Write each line of the material exactly as given, from the top through the line that contains "Alicia es un", and omit all pictures.
————————
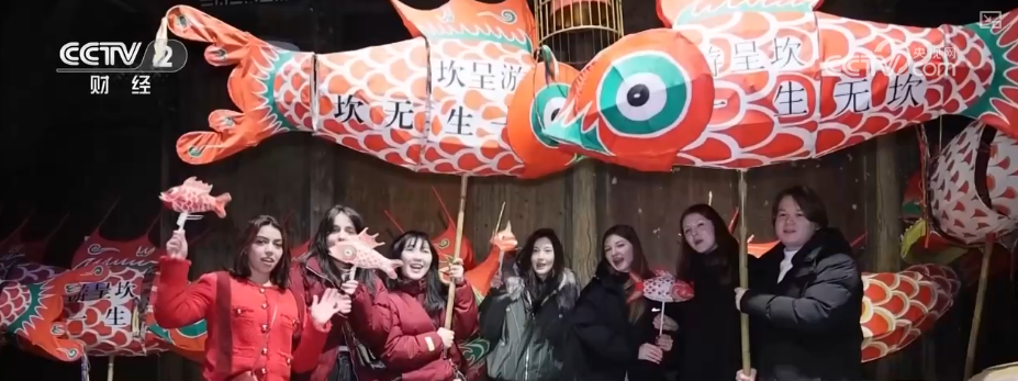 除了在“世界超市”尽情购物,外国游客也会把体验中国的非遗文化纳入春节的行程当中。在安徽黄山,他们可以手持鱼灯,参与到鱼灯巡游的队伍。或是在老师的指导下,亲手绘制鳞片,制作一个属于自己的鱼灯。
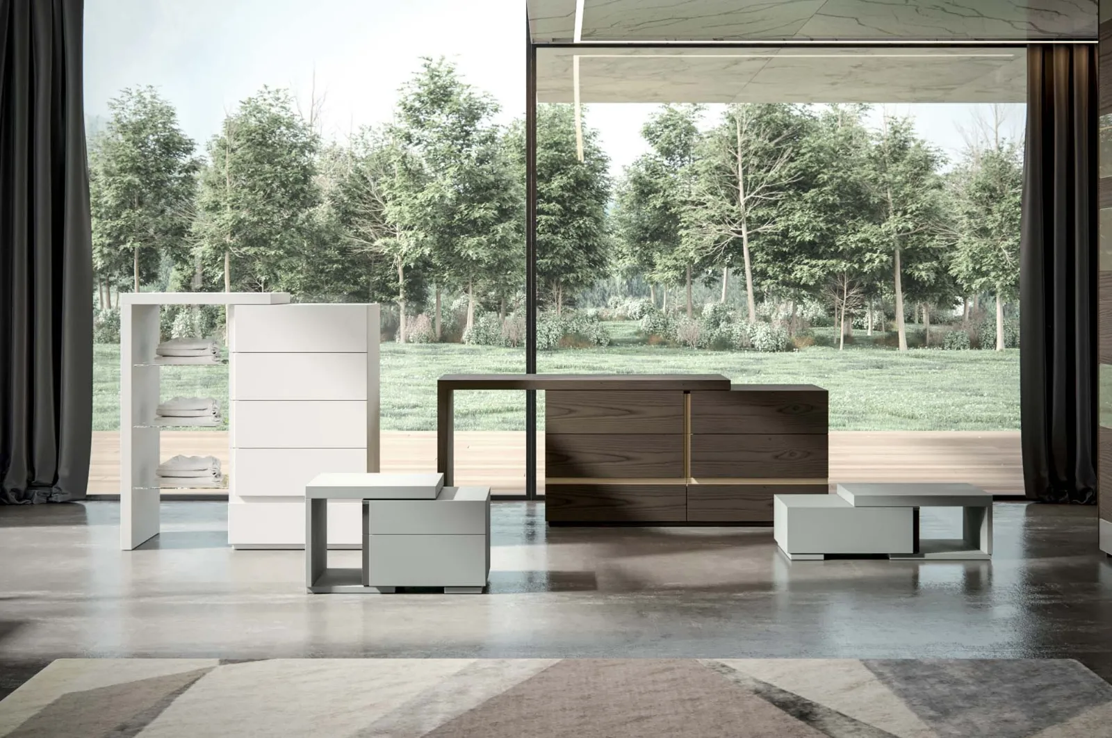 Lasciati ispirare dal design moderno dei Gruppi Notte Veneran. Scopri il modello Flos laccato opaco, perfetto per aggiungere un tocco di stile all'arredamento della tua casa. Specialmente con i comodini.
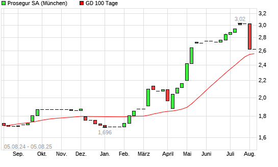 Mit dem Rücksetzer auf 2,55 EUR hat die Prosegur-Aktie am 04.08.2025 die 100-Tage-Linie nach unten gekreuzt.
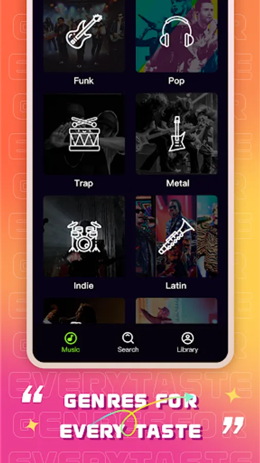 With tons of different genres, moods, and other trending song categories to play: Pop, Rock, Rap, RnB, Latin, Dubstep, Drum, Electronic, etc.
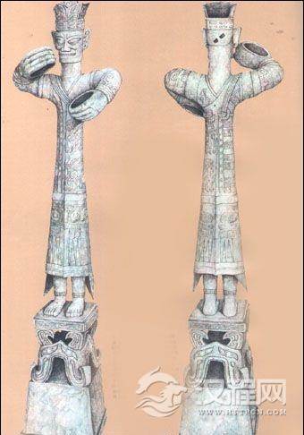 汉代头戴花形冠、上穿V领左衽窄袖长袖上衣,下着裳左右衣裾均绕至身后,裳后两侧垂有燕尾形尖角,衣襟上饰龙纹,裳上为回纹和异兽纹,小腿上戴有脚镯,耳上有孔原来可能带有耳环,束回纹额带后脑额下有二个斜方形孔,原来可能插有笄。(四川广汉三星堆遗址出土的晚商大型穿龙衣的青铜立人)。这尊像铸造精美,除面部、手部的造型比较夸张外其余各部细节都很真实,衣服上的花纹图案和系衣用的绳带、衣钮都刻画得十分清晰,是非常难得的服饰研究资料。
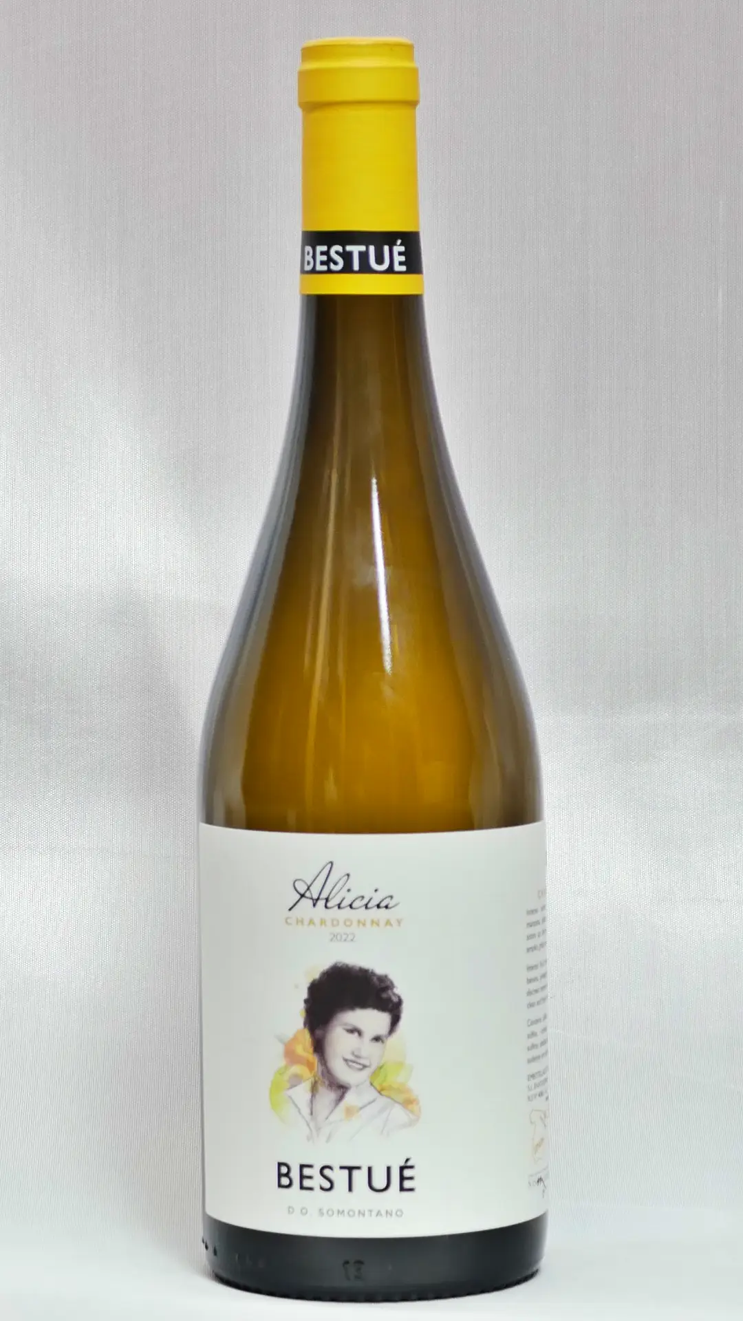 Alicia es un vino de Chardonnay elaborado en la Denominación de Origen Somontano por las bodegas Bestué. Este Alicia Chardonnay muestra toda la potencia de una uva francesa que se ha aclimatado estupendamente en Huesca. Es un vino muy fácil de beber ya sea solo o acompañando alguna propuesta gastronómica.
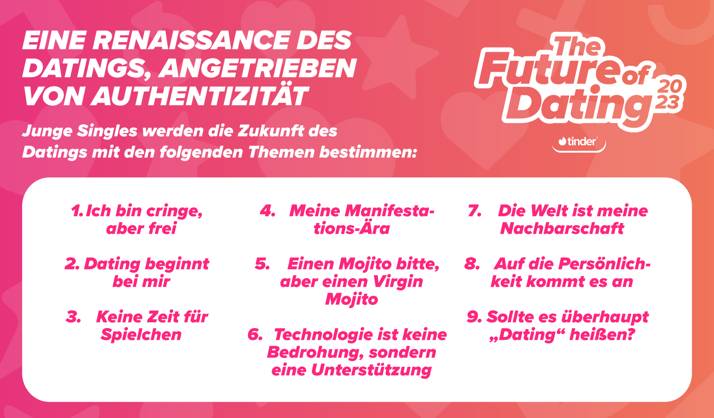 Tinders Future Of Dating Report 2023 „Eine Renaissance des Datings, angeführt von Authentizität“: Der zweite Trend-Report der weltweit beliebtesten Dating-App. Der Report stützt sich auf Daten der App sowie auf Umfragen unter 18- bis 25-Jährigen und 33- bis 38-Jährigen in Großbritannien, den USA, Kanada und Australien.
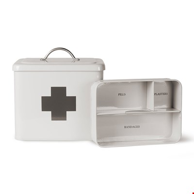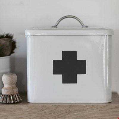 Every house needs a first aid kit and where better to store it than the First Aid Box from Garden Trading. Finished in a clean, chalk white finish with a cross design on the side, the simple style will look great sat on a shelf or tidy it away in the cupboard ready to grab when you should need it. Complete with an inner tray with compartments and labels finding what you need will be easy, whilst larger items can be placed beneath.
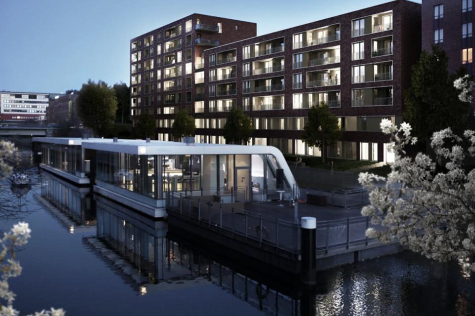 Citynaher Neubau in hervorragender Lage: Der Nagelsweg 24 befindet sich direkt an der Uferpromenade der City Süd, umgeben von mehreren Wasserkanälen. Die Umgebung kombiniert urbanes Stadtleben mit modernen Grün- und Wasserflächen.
————————
# TASK ANSWER
 除了在“世界超市”尽情购物,外国游客也会把体验中国的非遗文化纳入春节的行程当中。在安徽黄山,他们可以手持鱼灯,参与到鱼灯巡游的队伍。或是在老师的指导下,亲手绘制鳞片,制作一个属于自己的鱼灯。
 Lasciati ispirare dal design moderno dei Gruppi Notte Veneran. Scopri il modello Flos laccato opaco, perfetto per aggiungere un tocco di stile all'arredamento della tua casa. Specialmente con i comodini.
 Mit dem Rücksetzer auf 2,55 EUR hat die Prosegur-Aktie am 04.08.2025 die 100-Tage-Linie nach unten gekreuzt.
 With tons of different genres, moods, and other trending song categories to play: Pop, Rock, Rap, RnB, Latin, Dubstep, Drum, Electronic, etc.
 汉代头戴花形冠、上穿V领左衽窄袖长袖上衣,下着裳左右衣裾均绕至身后,裳后两侧垂有燕尾形尖角,衣襟上饰龙纹,裳上为回纹和异兽纹,小腿上戴有脚镯,耳上有孔原来可能带有耳环,束回纹额带后脑额下有二个斜方形孔,原来可能插有笄。(四川广汉三星堆遗址出土的晚商大型穿龙衣的青铜立人)。这尊像铸造精美,除面部、手部的造型比较夸张外其余各部细节都很真实,衣服上的花纹图案和系衣用的绳带、衣钮都刻画得十分清晰,是非常难得的服饰研究资料。
 Alicia es un vino de Chardonnay elaborado en la Denominación de Origen Somontano por las bodegas Bestué. Este Alicia Chardonnay muestra toda la potencia de una uva francesa que se ha aclimatado estupendamente en Huesca. Es un vino muy fácil de beber ya sea solo o acompañando alguna propuesta gastronómica.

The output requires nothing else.